Field of view is the standout spec. I mounted a Tango MSR on a beater 16-inch AR I keep for plinking, and the wide picture at 1x genuinely changed how fast I could move between targets on a 3-gun stage. At 124.8 feet at 100 yards, the Tango MSR has the widest FOV of any scope on this list, beating even the Leupold VX-6HD.
That’s a massive advantage for close-quarters work and fast target transitions. Sig clearly optimized this scope for speed rather than long-range precision, and at this price point, that’s the right call.
Glass clarity is where you feel the budget. It’s fine through 3-4x, but at 6x the image softens and you lose contrast compared to the PA SLx or even the Burris RT-6.
The MSR-BDC6 reticle is functional but basic.

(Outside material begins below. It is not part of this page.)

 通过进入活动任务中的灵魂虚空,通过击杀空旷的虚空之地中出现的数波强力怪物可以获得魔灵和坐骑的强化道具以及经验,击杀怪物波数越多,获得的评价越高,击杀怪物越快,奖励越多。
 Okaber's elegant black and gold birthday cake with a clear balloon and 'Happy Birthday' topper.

And the included Alpha-MSR cantilever mount is adequate but won’t win any awards for precision. Still, for a first LPVO or a scope for a truck gun that might get banged around, the Tango MSR does the job at a price that’s hard to argue with.

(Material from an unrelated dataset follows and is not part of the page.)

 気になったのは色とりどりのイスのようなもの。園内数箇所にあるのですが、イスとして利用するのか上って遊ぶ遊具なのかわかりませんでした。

Best For: Absolute budget builds, truck guns, and first-time LPVO buyers who want to dip their toes in without a major investment. If you’re spending $500 on a rifle, a $280 scope makes a lot more sense than a $600 one.

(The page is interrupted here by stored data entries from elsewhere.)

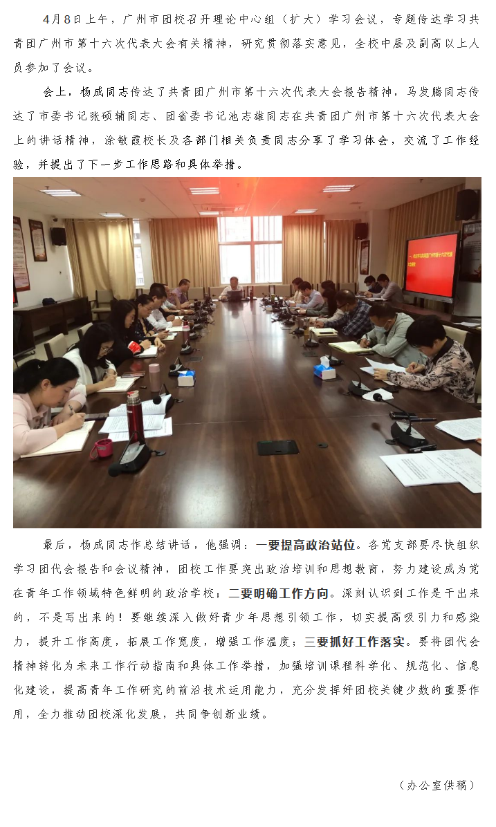 广州市团校召开理论中心组(扩大)学习会传达学习共青团广州市第十六次代表大会精神
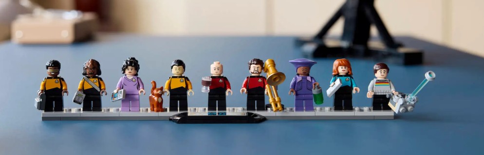Ogni minifigure è accompagnata da accessori unici: tazza da tè, trombone con supporto, phaser, tricorder, padd, cassetta da ingegneria, bottiglia, generatore di raggio traente portatile e persino il gatto Spot di Data.
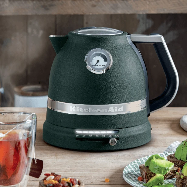 Met de KitchenAid Artisan waterkoker kunt u water tot meerdere temperaturen verhitten: van 50ºC tot 100ºC. Dankzij de dubbele wanden blijft het water na het verwarmen op temperatuur. De temperatuurmeter op de waterkoker geeft de temperatuur precies weer, ook wanneer de waterkoker niet op de voet staat. De soft grip handgreep van de koker is altijd stevig en veilig vast te pakken.

How to Choose the Right LPVO
When I help a buddy pick the best LPVO, I walk them through four questions before I ever look at brand names. The best LPVO for you comes down to four questions: how far you actually shoot, what your rifle is for, how much weight you’ll tolerate, and what your budget really is. Walk those four in order before you spend a dollar on glass.
What’s Your Realistic Max Range?
Most LPVO buyers think they need more magnification than they actually use. If your rifle is going to live inside 300 yards, a 1-6x covers everything you need and gives you a wider FOV at 1x.
For 300-500 yards, step up to a 1-8x. For 500+ yards as a regular use case, the 1-10x scopes are worth the trade-offs in weight and eye box.
FFP or SFP?
First Focal Plane (FFP) reticles scale with magnification, so your hash marks always represent the same value (1 MOA or 1 MIL) at any power. That’s essential for ranging and precise holds at varying magnifications.
Second Focal Plane (SFP) reticles stay the same visual size regardless of magnification. Cleaner-looking at 1x, but holdovers are only accurate at max power. SFP scopes are usually cheaper and faster on target up close.
For an LPVO that lives most of its life at 1x with occasional dial-ups for precision shots, SFP works great. Parallax is rarely an issue at LPVO magnifications. These scopes are factory-set around 100 yards and I’ve never noticed parallax error inside the practical 1-10x range. Holds at MRAD or MOA work the same way on FFP at any power; on SFP, accurate holdovers only work at max magnification. If you’re running pure CQB and don’t need magnification, our best red dot sight for AR-15 guide compares the pure-1x options. For dedicated tactical or competition use where you’ll shoot from variable magnifications, FFP is the way.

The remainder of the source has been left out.